Arctostaphylos (uva-ursi): The use of this plant goes back to the 13th century and its use was documented by medical doctors then and in the writings of Marco Polo. Marco Polo learned about the herb’s medicinal benefits from Chinese doctors. It was also used by European doctors for hundreds of years for urinary tract infections. Research has confirmed that this plant has potent antibacterial properties. The medicinal properties include Arbutin, Ursolic acid, and Isoquercitrin.
These medicinal properties of Uva Ursi have been shown to kill bacteria, E Coli, Staph, and Candida Albicans. It was used by the Native Indians to treat urinary tract and bladder infections! The herb can break down kidney and bladder stones and prevent new ones from forming. It is not recommended for kidney infections in some literature and I could not find the specific reason why.
This herb is potent and when used alone should be used under the direction of an herbal doctor. It is difficult to know if your infection is just a bladder infection or more serious. Bladder and kidney infections can get dangerous, so it is wise to seek medical care. Visit a holistic doctor who will work with you on alternative medicine to treat the infections. Some of the drugs used to treat these infections have some nasty side effects and also wipe out the beneficial bacteria in your gut. You often end up with a yeast infection after taking medicine to treat bladder infections. The herb should not be taken by women who are pregnant. In formulas, the herb in small amounts is usually combined with other herbs for bladder problems and is safe. You can find herbal bladder formulations in most herb stores. This herb is to be taken for a specific problem for a short time period. It is not meant to be drunk for pleasure and used every day. This herb is better to take it on an alkaline diet rather than an acid diet for most effectiveness.

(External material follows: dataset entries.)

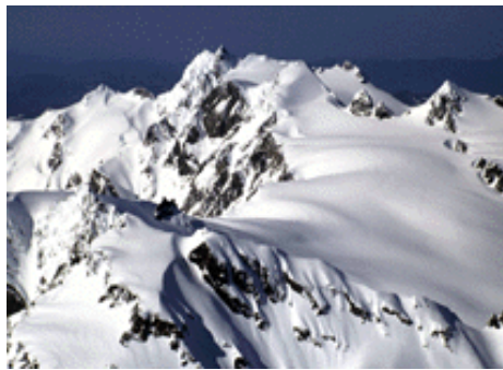
Stay warm in this cold weather!

this Saturday, February 12th. Students will be taking the PSAT/SAT from 9:00 - 12:00 and the students who will participate in this event will receive a free dress pass. There are also amazing prizes for the best scores.
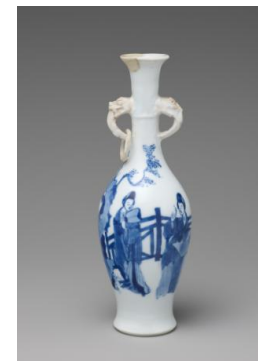
Title: Bottle-Shaped Vase with Handles (One of a Pair) Date: 1662–1722 Primary Maker: Chinese, Qing Dynasty (1644–1911), Kangxi Period (1662–1722) Medium: Hard-paste porcelain with underglaze blue Dimensions: 6 7/8 x 2 5/16 in. (17.5 x 5.9 cm)
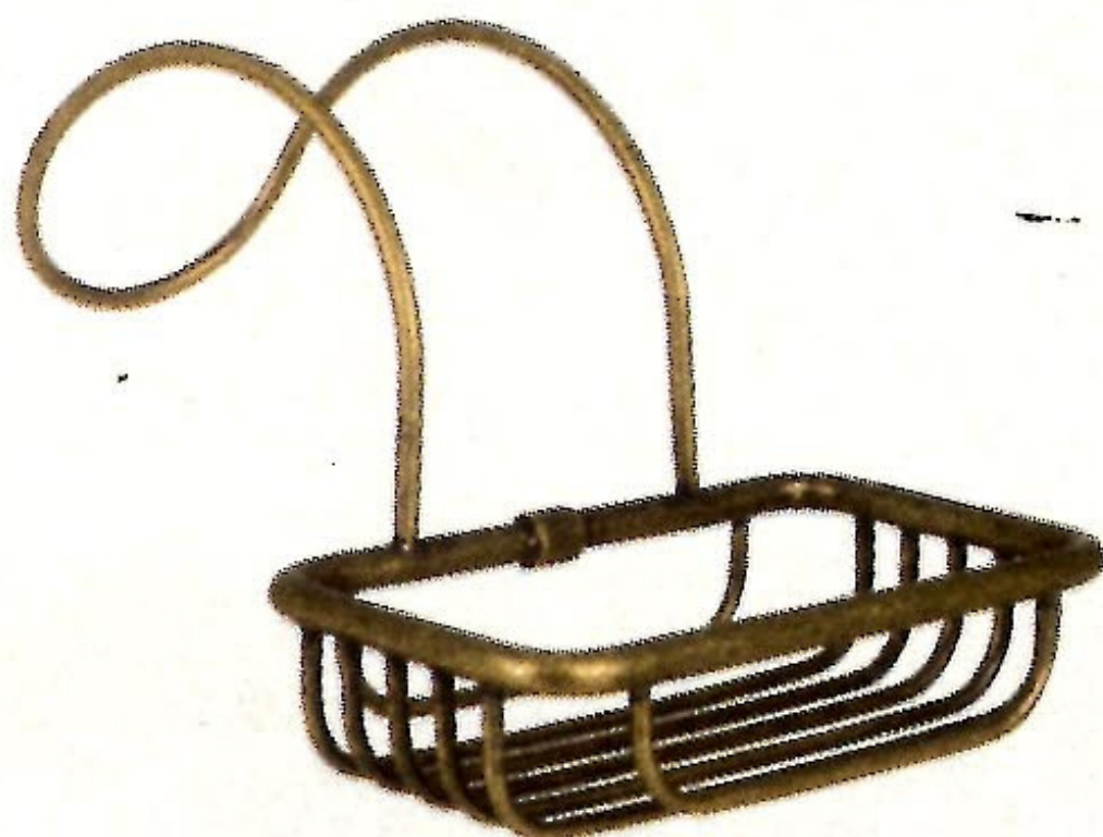
Stratford Roll Top soap basket , in Antique Brass, £37.40, Jim Lawrence (01473 826685; www.jim-lawrence.co.uk )
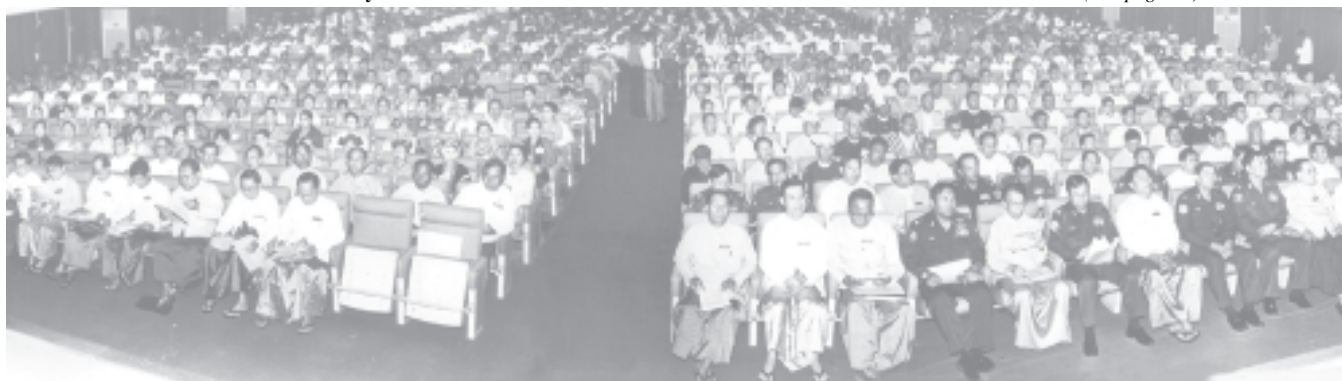
NCCC, NCCWC and NCCMC members and NC delegates seen at Plenary Session of National Convention.
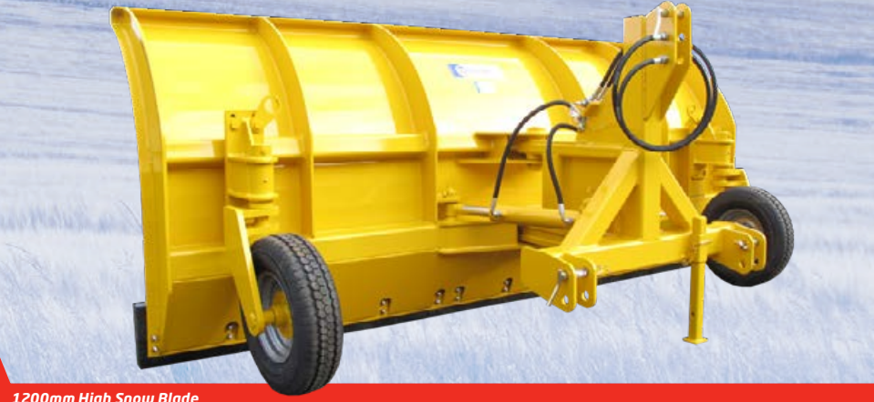
1200mm High Snow Blade

Indian Medicine is evidence for the effectiveness of herbal medicine:
It should be noted that scientists today are verifying the medicinal properties of these herbs which Native Americans used with success in their culture. They proved with years of successful use that these herbs do work. Scientific research studies only document the effect of herbal healing for short periods of time – weeks. Often these studies are slanted to put herbal medicine in a negative light. Often the research is seriously flawed.

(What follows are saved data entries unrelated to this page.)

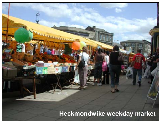
Heckmondwike weekday market

Within the more traditional retail area of the town, zone A rental levels achieve a maximum of around £194 per sq.m. which also remains unchanged from last year.
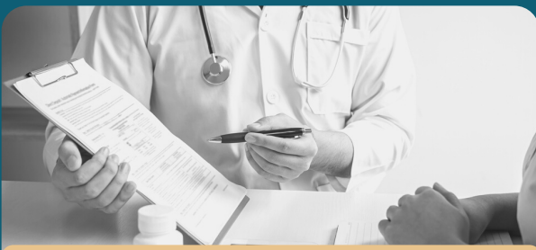
Rehabilitation Medicine Consultation

Comprehensive with a home-like environment
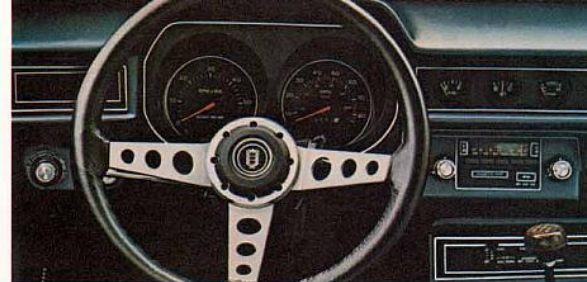
Bobcat optional Sports Accent Group w/Sports Instrumentation (See page 7 for detail)

Check Bobcat's new vertical grille, its new power dome hood, and don't overlook its rectangular headlamps and parking lamps. Inside, Bobcat has a new instrument panel. We think you'll agree that Bobcat's a sporty cat, and a value cat with rack-and-pinion steering, AM radio, tinted glass, styled steel wheels with trim rings and steel-belted radial tires, all standard. (The AM radio may be deleted for credit.)
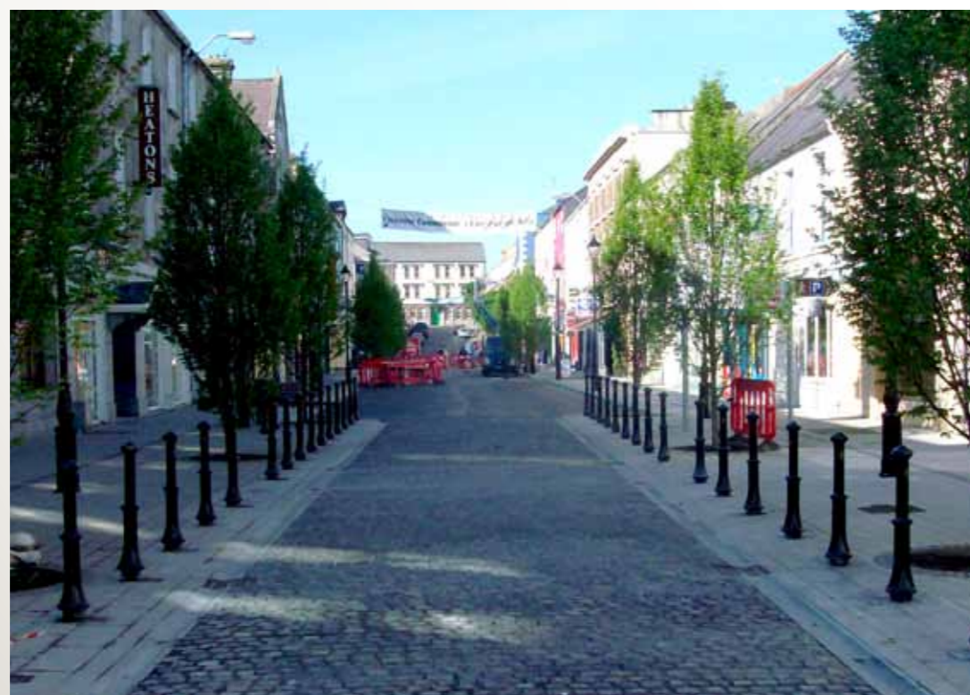
Ballina Gateway & Hub Project

During 2010 the Managing Authority closely monitored the level of expenditure and commitments in respect of all EU co-financed themes and also co-operated fully in the Mid-Term (Performance) evaluation of the OP conducted by the Central Expenditure Evaluation Unit. Notwithstanding the difficulties imposed by the current economic and fiscal situation, good progress has been made in the implementation of the majority of the co-financed themes, with full completion of works under both the key linking routes and natural heritage themes. Implementation has commenced on aspects of all four priorities
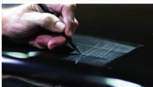
+ 9H HARDNESS
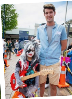
Children's Dress Up - another New Lynn Business Association supported community event
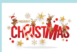
Festive Reindeer Code: FE476 Gold foil
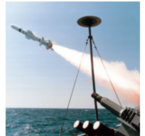
Harpoon live firing

The RSN has sailed far and wide to exercise with friendly navies. Such exercises enhance friendship and understanding, and also allow the RSN to benchmark itself against some of the most advanced navies of the world. The RSN participates in the FPDA's annual maritime exercise in the South China Sea with its four FPDA partners. Bilateral anti-submarine exercises are conducted with the Indian Navy's submarines in the Indian Ocean, and with Australian and US submarines off local waters. The RSN also carries out regular Harpoon missile live-firing exercises with the US 7 th Fleet in the Pacific Ocean to hone its surface strike capability.
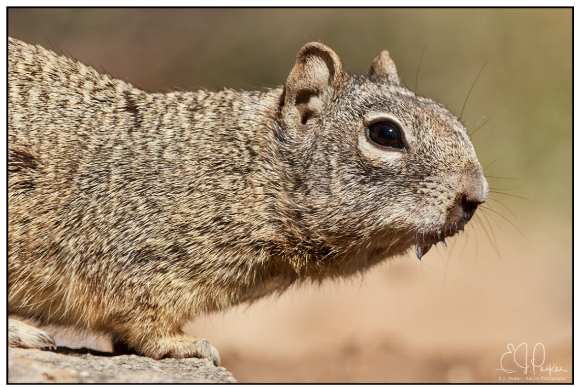
Rock Squirrel (D500, Sigma 500mm f/4)

Nikon VR lenses - namely that if your shutter speed starts to get up towards 1/1000 second, you will get slightly better resolution if you turn OS off but it is really minimal and it requires some pixel peeping to really see any difference. If you do forget to turn it off when it's bright out, it really isn't a big deal. Similar to Canon and Nikon, Sigma says you should turn off the OS prior to a lens change even though few people actually ever do that!
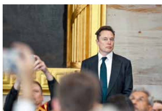
WASHINGTON: Tesla and SpaceX CEO Elon Musk attends the inauguration ceremony where Donald Trump will be sworn in as the 47th US President in the US Capitol Rotunda in Washington, DC, on January 20, 2025.

"Wrong, as you surely know. Want to come visit
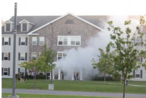
Students participating in the fire safety workshop

Included in the workshop is a residence hall fire simulation. The Residence Hall fire simulation will demonstrate the importance of Resident Hall fire safety evacuation training programs and will include the building being under full alarm, loss of power and lights, room and hall smoke generation and blocked egress routes. Multiple emergency response agencies and emergency management teams will participate in this controlled building evacuation exercise.
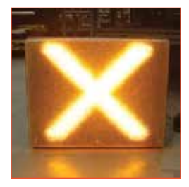
"X" DISPLAYED ON SCREEN
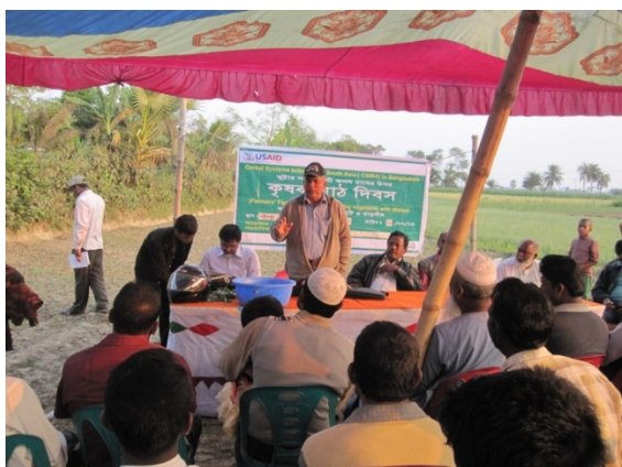
Field day observation with the participation of farmers
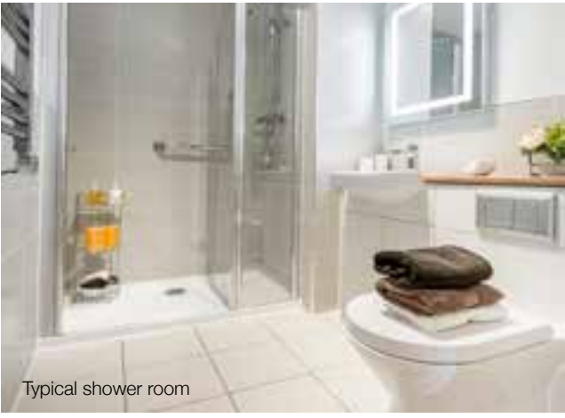
Typical shower room
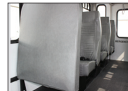
Barrier & FMVSS222 Seats
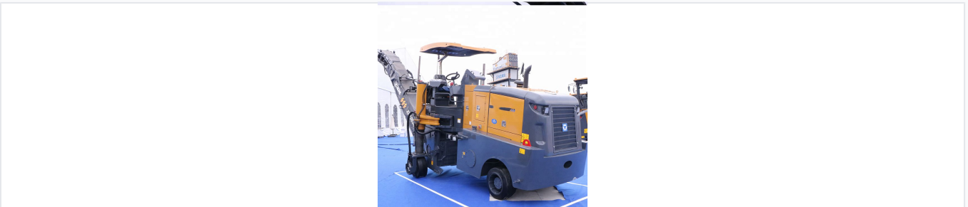
High-efficiency cold planer for road surface renovation.
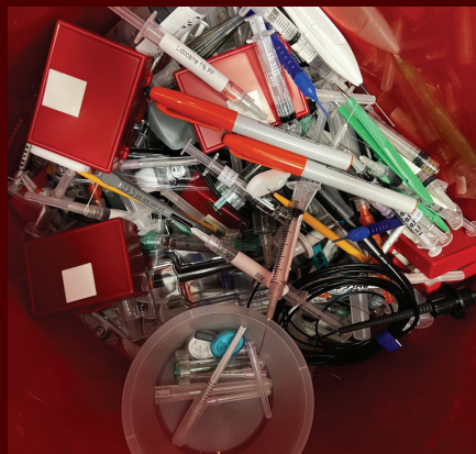
Figure 2. Marking pens, bottles of balanced salt solution, needle containers, and unfinished drug bottles are common objects in ophthalmology ORs.
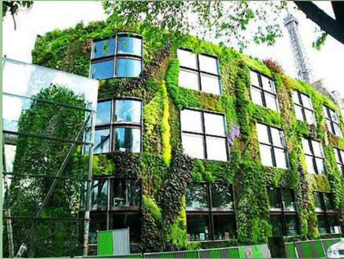
Musee du quai Branly, Paris
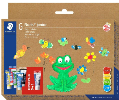
Caption: With Noris junior finger paints in six brilliant colours even the littlest ones playfully foster their creativity and colour recognition. They are available in a practical new tube in sets of four or six or in large, single bottles.

Which then is the true evidence to determine if herbal medicine works? 12 week trials with a handful of patients or whole generations of people treated with herbal medicine? I for one stop using things that don’t work. If had not worked, these people would not have survived these illnesses. It was not until foreigners brought in small pox and measles to the tribes that Indian medicine was doubted. The Native Indian population had no immunity developed to these new diseases that killed their people in days. They had no time to find natural medicines that might have saved their tribe members. The starvation they endured on the reservations on poor land with no buffalo left to eat for meat, helped ensure their death from these introduced diseases. The herbs needed for their medicine were often unavailable on the reservation land. Indian herbal medicine was potent and successful until settlers moved in bringing plagues. We still have time to save this world, if we pay attention to what history teaches.